The US still has a long way to go to reach President Biden’s goal of getting 30,000 MW of offshore wind power flowing into the grid by 2030. Meeting this target, the administration says, will provide clean electricity for 10 million homes, avoid 78 million metric tons of carbon emissions and create thousands of jobs.
While states along the Atlantic coast have aspirations to install as much as 30,000 MW of offshore wind, the amount of power actually in the permitting or construction pipeline is much smaller. Over the last few months, global economic problems have caused several developers to back out of project contracts or cancel projects all together.
“No one has said that building up this industry was going to be easy. And it turns out that it’s not,” Rebecca Tepper, Massachusetts’ top energy official, said at a recent conference about offshore wind. “Despite the challenges that we face, we are confident that we will have a vibrant offshore wind industry off the coast of Massachusetts. Today, we see the promise of that industry in the Vineyard Wind Project.”
Massachusetts, in partnership with Rhode Island and Connecticut, is currently seeking bids for another 3,600 megawatts of offshore wind power. Tepper said that Vineyard Wind’s launch should boost confidence in the region’s commitment to offshore wind, and perhaps prompt “some really good bids at the end of the month. I remember talking to developers after Cape Wind (an earlier offshore wind project that failed) and thinking about whether this industry would ever get off the ground,” Tepper said. “Well, this project — Vineyard Wind — is proof that it’s off the ground and in the water.”
Fossil Fuels Fight Back Ferociously
Even now, Vineyard Wind is still facing opposition from the fishing industry, whose members worry the turbines will alter the ocean ecosystem and threaten their livelihood.
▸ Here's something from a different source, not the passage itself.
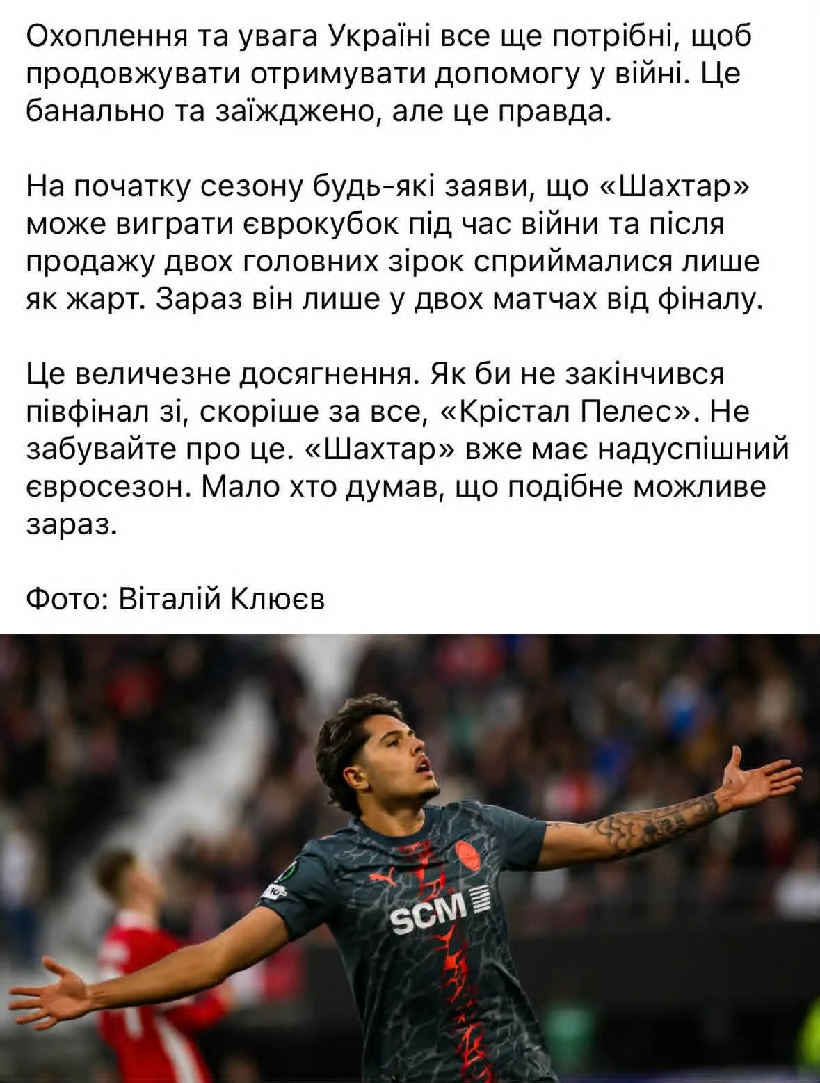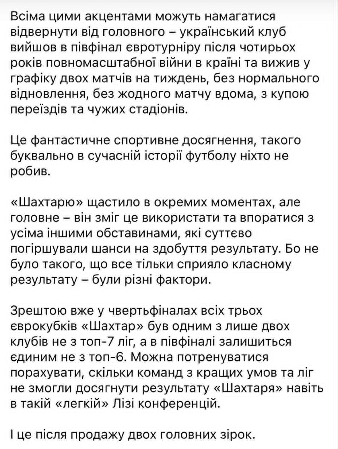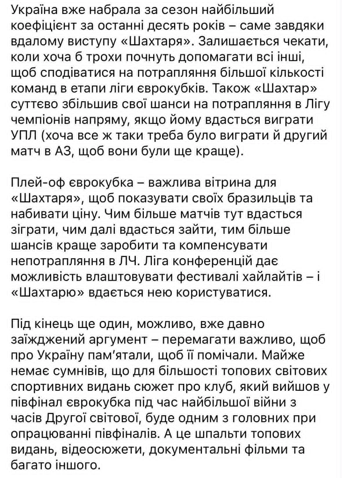 Ось так непомітно Шахтар опинився вже у четвірці найкращих клубів євротурніру. Нехай і найменш престижного із трьох, але це не має великого значення. Адже досягнуто двох стратегічних цілей: "гірники" знову підсвітили своїх чергових талантів для європейського ринку, а також зацікавили світові медіа. До вирішальних раундів дійшов клуб із країни, розбитої чотирма роками найстрашнішої війни континенту з часів Другої світової. Це – безпрецедентно, і це той сюжет, який з апетитом підхоплять топові пабліки.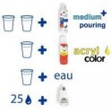 Flacon 500 ml de médium pouring. Médium fluide à mélanger avec de la peinture acrylique, de l’eau et de l’huile de silicone pour réaliser du pouring : art abstrait qui consiste à créer de façon aléatoire des coulées et des taches de peintures colorées, sans utiliser de pinceau et très facilement. Les couleurs ne se mélangent pas les unes aux autres. Magnifique rendu marbré hypnotisant, chaque toile est unique ! Dosage (1 dose = 25 ml) : 2 doses de médium + 1 dose de peinture acrylique + 1 dose d’eau + 25 gouttes d’huile de silicone. Permet aussi de réaliser les techniques du ballon et du pliage symétrique (1 dose de médium + 1 dose de peinture acrylique). Utilisé pur, il devient un vernis colle et une colle transparente après séchage. A base d''eau. Dès 5 ans.

To date, there are two lawsuits from fishing groups about Vineyard Wind currently winding their way through the federal court system. One of the groups is funded by the Texas Public Policy Foundation, a conservative think tank with strong ties to the fossil fuel industry.
In May 2021, Vineyard Wind 1 became the first US project to get full federal approval. A few months later, the project secured financing and began construction on land. Offshore construction, including the process of laying miles of undersea electrical cables from the project site to Covell’s Beach on Cape Cod, began in 2022. The work to install the remaining 57 turbines will continue into 2024.
“This is a historic moment for the American offshore wind industry,” wrote Gov. Maura Healey. “This is clean, affordable energy made possible by the many advocates, public servants, union workers, and business leaders who worked for decades to accomplish this achievement. As we look ahead, Massachusetts is on a path toward energy independence thanks to our nation-leading work to stand up the offshore wind industry.”